Note: This is a re-blog of a post I did back in 2018, which itself was inspired by an informal project of translation of Martin Luther's 95 Theses I worked on over the 500th anniversary of the event. I recently had a favorable comment on the post and revisited it. I think it's worth sharing again. The more I think about history, the more grateful I am for Martin Luther's courage all those centuries ago. He changed the world.
Sunday, October 31, 2021
Saturday, October 30, 2021
I have let life pass too long without posting, and not for lack of things to say. I'm a writer, and I'm constantly writing, but when it stays in my head without getting into printed form one way or another, it's not good for me. When I verbally express myself to those closest to me, it helps me but may not necessarily help them to know my head is filled with such a whirl. And when it gets into printed form but it's only by private text or email, I tend not to bother with the more abstract thoughts because they aren't beneficial for the recipients. And when I post it on social media, it's like skipping rocks into a sea of mostly inane, revenue-generating (but not for me) videos. So, I am attempting to dust off my long-neglected little blog. Whoever wants to read, can read, and if not, I still get the same mental benefit. Solvitur scribendo.
But first, a life update.
Steve works from home since the very beginning of the pandemic. They keep talking about moving back to the office, but it won't happen for awhile. He bought a standing desk and stool from IKEA and added a reading chair; the former guest room is now his office, with bookshelves and a single bed so it can (and has been!) used as an extra guest room. He can teach design school from there when called upon to do so, and has phenomenal discipline to get up early and start work every morning about 6:00. We enjoy taking walks together over his lunchbreak. Our neighborhood is good for walking and is pretty safe. Our church's neighborhood in Portland, sadly, is another story, but that rant is for another time.
I am so grateful I got out of teaching when I did. I have a fear and loathing of Zoom teleconferencing which surpasses my fear and loathing of using the telephone. I would not have lasted a week of virtual teaching. I have thought a few times of offering to help start one of those homeschool "pods" that I hear about, but kick myself immediately after. I have subbed a few times at CT, and I love the energy and enthusiasm of the young folks.

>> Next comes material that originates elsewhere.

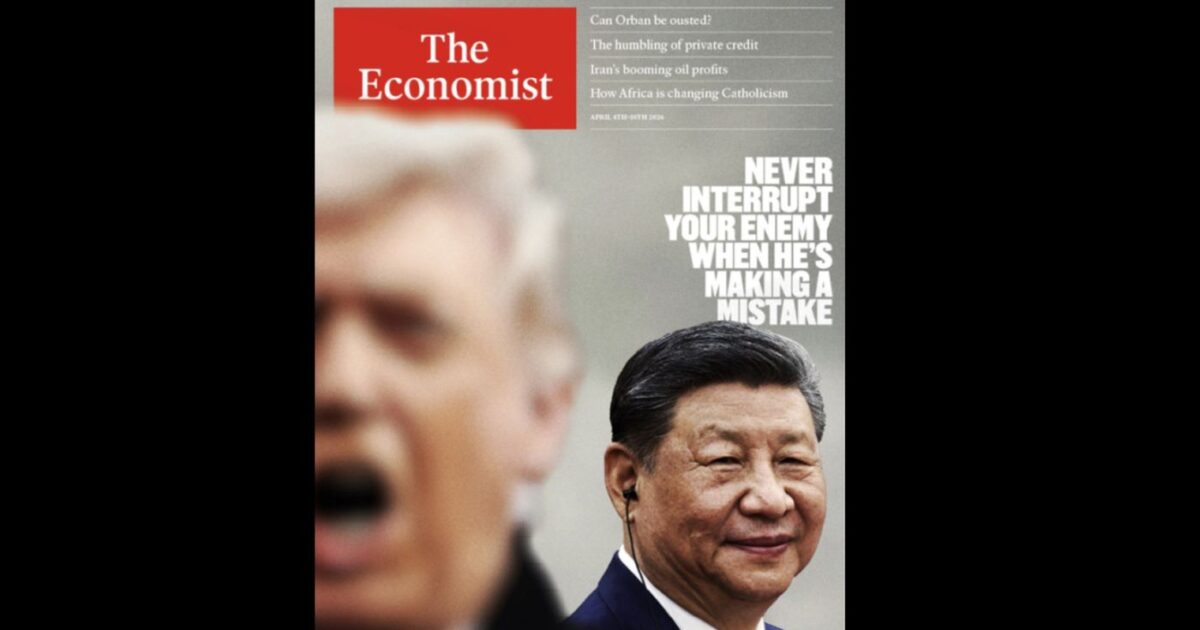 Ο Τραμπ φαίνεται να φωνάζει, με την εικόνα του να είναι θολωμένη, ενώ πίσω του ο πρόεδρος της Κίνας παραμένει ήρεμος και χαμογελαστός, με την εικόνα του στο πρωτοσέλιδο του The Economist να είναι πεντακάθαρη.

And slept the sleep of the utterly exhausted and too-old-to-keep-up-with-the-young-folks afterward. As the pandemic has wound on, I have come to realize that my life has changed and I am both an empty-nester and one whose nest is never quite empty. So I mentally exist in this sort of limbo where I can't really plan things, or get rid of things that need to be gotten rid of, and it's hard to do any deep cleaning (which is actually fine by me, but not so great for the overall quality of life of anyone who lives here). I fill my days nicely, but there is always something missing. I think it is the peace of mind that comes from knowing that we live in a free country. But that would be a "political Tuesdays" post. I quilt, knit a little, and have become quite fond of genealogy. I'll have to talk about WikiTree sometime, it's fabulous and I spend a lot of time there.
Our firstborn son is married, as of May, and lives with his beautiful bride in Virginia. He's able to work from home with the occasional travel week, and she is entering the clinical rotation phase of her Physician Assistant training. Their wedding was a beautiful event, and her family are lovely people.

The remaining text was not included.